In February 2005, Polo posed nude for Playboy magazine. She was ranked No. 40 on the Maxim Hot 100 Women of 2002. She was also featured in InStyle. She also starred in the Lifetime Movie Network 2006 movie, Legacy of Fear. In 2007, she starred in a Hallmark Channel movie Love is a Four Letter Word. In 2009, she starred in the feature film 2:13 and the Hallmark Channel movie Expecting a Miracle with Jason Priestley and Cheech Marin. That same year she also starred in The Beacon.

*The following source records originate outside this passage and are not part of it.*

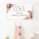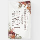 Sumérgete en la cálida y rica paleta del otoño en tu lluvia de boda con nuestro elegante banner. El hermoso texto 'Fall in Love', artísticamente rodeado de flores de acuarela en tonos de burgundy, naranja quemada, rosa sonrosado y marfil entre el follaje de temporada, crea una atmósfera de encantamiento. Diseñado perfectamente para tus celebraciones con tema otoñal, nuestro banner captura verdaderamente la esencia del romance otoñal.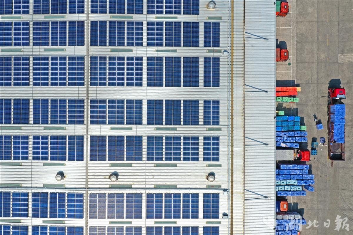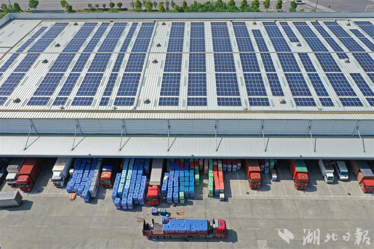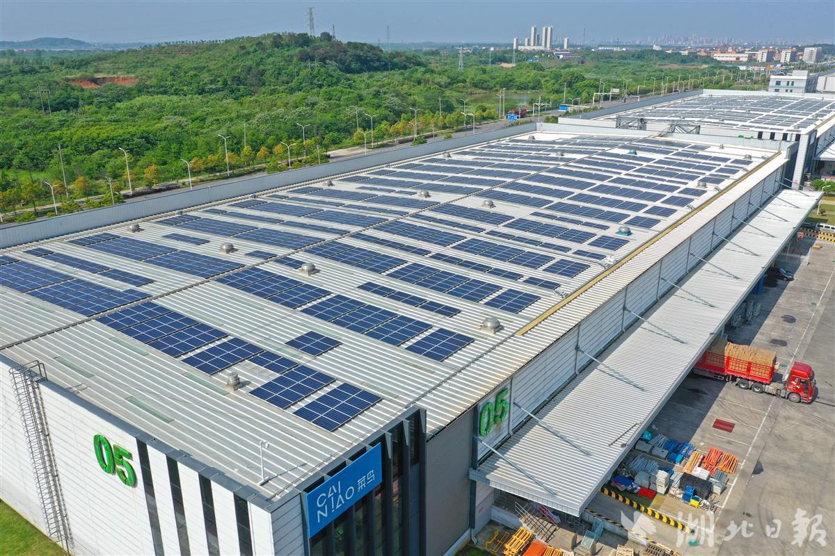 4月24日,菜鸟网络武汉江夏园区自动化仓内,繁忙的分拣作业流水线如往日一样高速运转,其动力并非来自传统能源发电,而是来自仓库屋顶的太阳能光伏发电系统。广阔平坦的仓库屋顶上,一排排光伏板整齐排列,在阳光照射下熠熠生辉。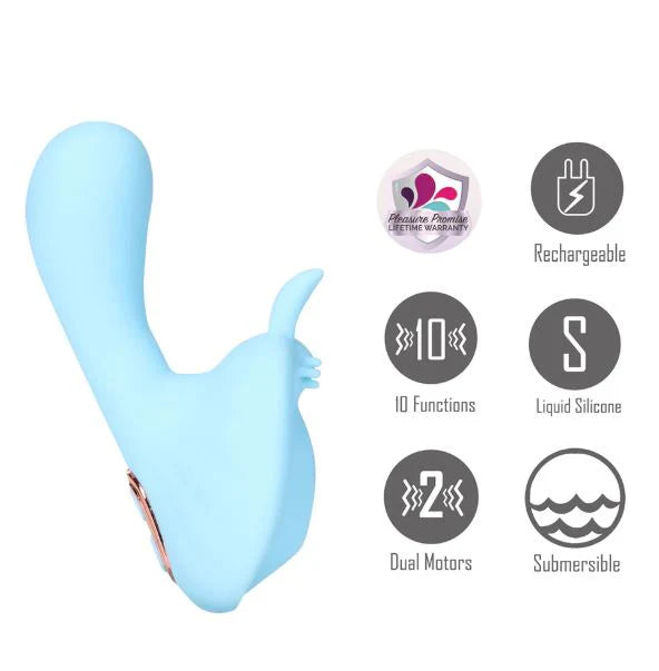 Experience double the pleasure with the MAIA NOVELTIES AVERI, designed to elevate your intimate moments. This innovative toy features two powerful motors that provide stimulating sensations through a vibrating plug and a clitoral stimulator. With 3 speeds and 7 variable levels of vibration for each point, you can customize your experience to find the perfect rhythm for ultimate satisfaction. Crafted from body-safe Liquid Silicone, the AVERI is not only luxurious to the touch but also boasts an impressive IPX7 waterproof rating, making it fully submersible for adventurous wet play. Measuring 2.5 inches in length for both the vibrating plug and the clitoral stimulator, it’s versatile enough for vaginal and anal exploration, as well as clitoral pleasure. FEATURES: Rechargeable, Dual Motor, 3-Speeds and 7-Variable Vibration Levels, Submersible, Charging Cable Included. Operating Instructions: Press and hold the Push-Buttons for 3 seconds to activate the vibration on each stimulator. Press and release the Push-Buttons to cycle through the 10-functions on each stimulator. Press and hold the Push-Button for 3 seconds to turn your item off.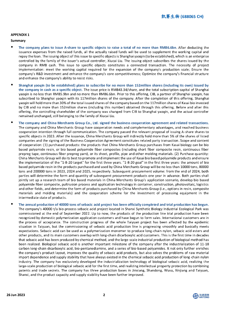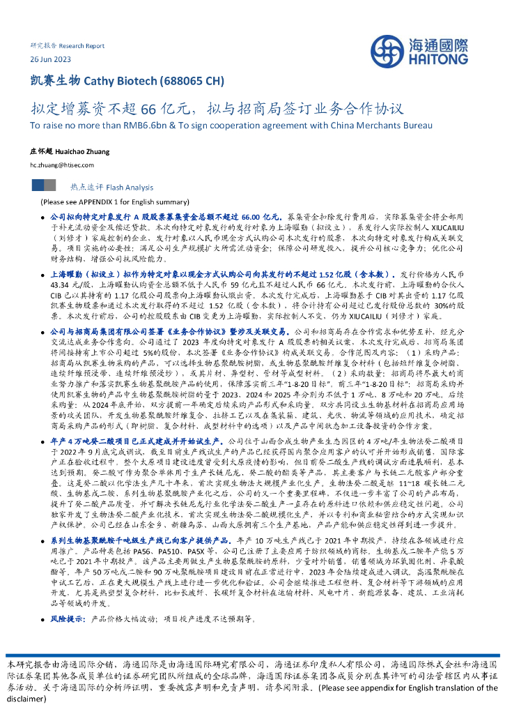 海通国际:凯赛生物(688065)-拟定增募资不超66亿元,拟与招商局签订业务合作协议.pdf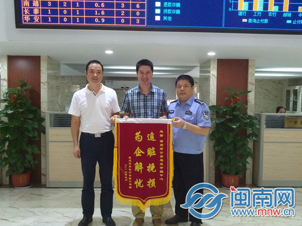 闽南网6月23日讯(福建日报新媒体·闽南网记者 王惠敏)入侵邮箱、修改账户、诈骗货款……这种经常在影视剧中上演的黑客诈骗桥段,在漳州也真实发生了。6月22日下午,位于漳州长泰的一家电子公司特地送一面锦旗到漳州市反诈骗中心,对挽回其客户14多万美元货款表示感谢。漳州市公安局党委委员、刑侦支队支队长纪建仁,中国人民银行漳州市中心支行副行长伊志峰接受锦旗。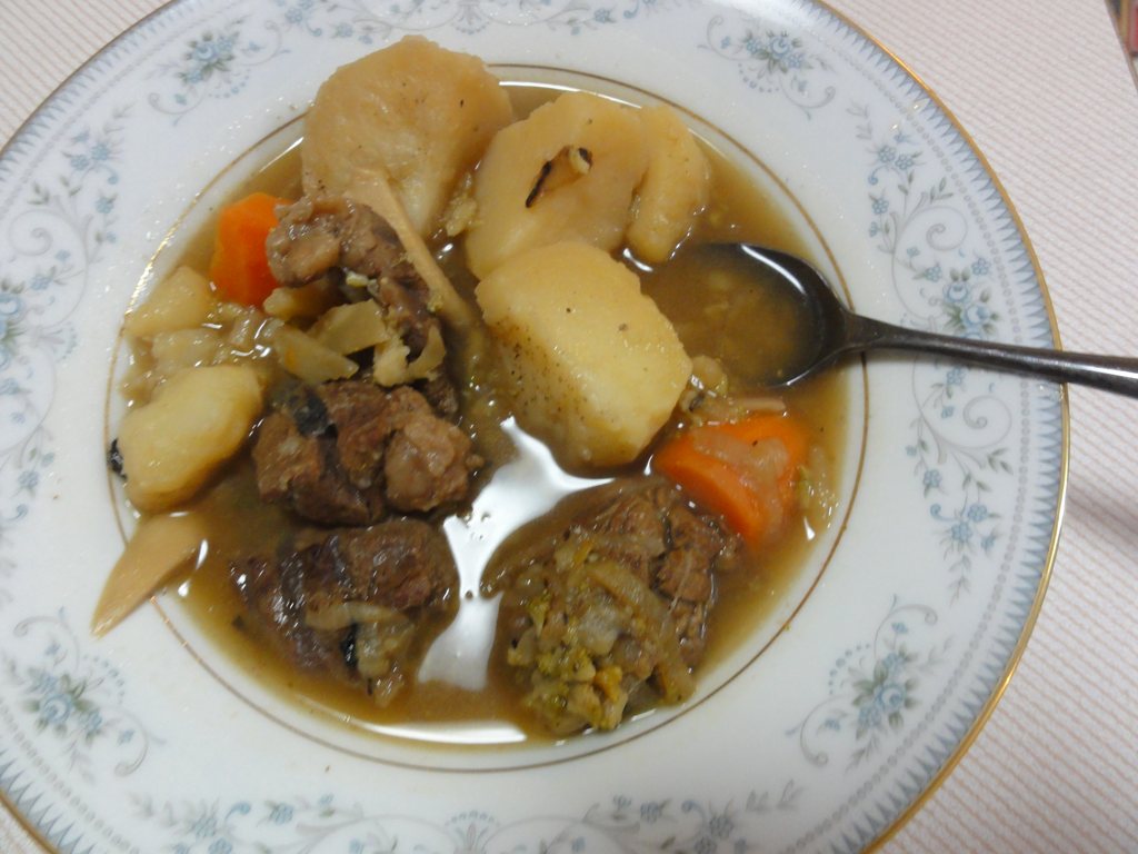 ビーフシチュー残り ジャガイモ、青梗菜、香菜追加 PR |

She appeared in the 2009 television pilot for Washington Field, a show about the National Capitol Response Squad, a unit of the FBI composed of elite experts in different areas who travel around the world responding to events that concern American interests. In 2010, Polo reprised her role as Pam Focker in Little Fockers, the sequel to Meet the Parents and Meet the Fockers. She also appeared in the 1980s-styled horror fantasy film, The Hole.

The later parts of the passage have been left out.